Der Begriff „Arthroskopie" stammt aus dem griechischen und setzt sich aus zwei Begriffen zusammen: Arthros (Gelenk) und „skopein (sehen).

Ein Gelenk im menschlichen Körper ist fast immer nach dem gleichen Grundprinzip aufgebaut (mit einzelnen Ausnahmen). Das Gelenk selbst besteht aus zwei Knochen, die miteinander in Kontakt stehen. Wenn zwei Knochen aufeinander reiben würden, käme es sehr schnell zur Abnutzung. Deshalb wird der Kontakt zwischen den Knochen durch Knorpel hergestellt, der die gelenkbildende Fläche der Knochen bedeckt. Er ist nicht so hart wie Knochensubstanz und ist so beschaffen, dass er Stöße und Reibungskräfte optimal abfangen kann. Um die Gleitfähigkeit im Gelenk noch zu erhöhen und die Reibung zu verringern, muss das Gelenk „geschmiert" werden. Diese Aufgabe erfüllt eine Flüssigkeit, die „Synovia" (Gelenkschmiere) genannt wird. Damit die Flüssigkeit nicht ausläuft ist das Gelenk von einer Kapsel umgeben (Gelenkkapsel). Die Synovia wird ständig durch die Zellen der Gelenkkapsel (Synovialmembran) erneuert.

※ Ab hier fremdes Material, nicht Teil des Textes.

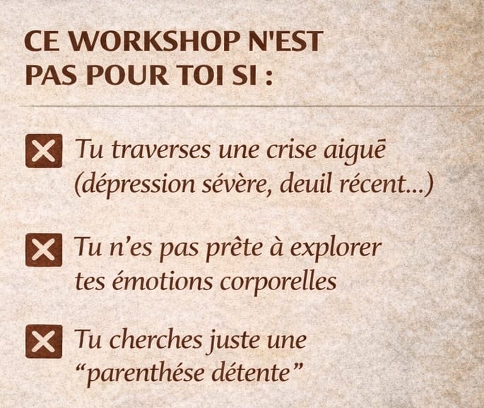Si vous traversez une crise aiguë (deuil, dépression sévère, etc.), ce workshop n’est pas adapté. Mais si vous êtes dans une phase de transition, de questionnement ou de fatigue profonde, alors oui — cet espace peut vous aider à retrouver du sens et de l’élan.

Bei einer Arthroskopie oder Gelenkspiegelung wird das Gelenk mit einem Gerät begutachtet, das aus einer kleinen Kamera mit Lichtquelle besteht, die auf einem langen beweglichen Rohr angebracht sind (Endoskop oder Arthroskop).

Funktionsweise

Das Arthroskop besteht hauptsächlich aus einer kleinen leistungsstarken Kamera, die mit einer starken Kaltlichtquelle arbeitet und die Bilder, die sie aufnimmt, an einen Bildschirm übermittelt. Die Kamera nimmt nicht nur Einzelbilder auf, sondern überträgt die Situation in Echtzeit. Zusätzlich kann der Orthopäde mit einem Arthroskop schon kleine Operationen vornehmen, wie z.B. die Behandlung von Meniskusverletzungen. Dazu werden zusätzlich zum Arthroskop kleine Instrumente eingeführt, mit denen dann im Gelenk verschiedene Operationen durchgeführt werden können.

Letzte Aktualisierung am 29.07.2015.
War dieser Artikel hilfreich?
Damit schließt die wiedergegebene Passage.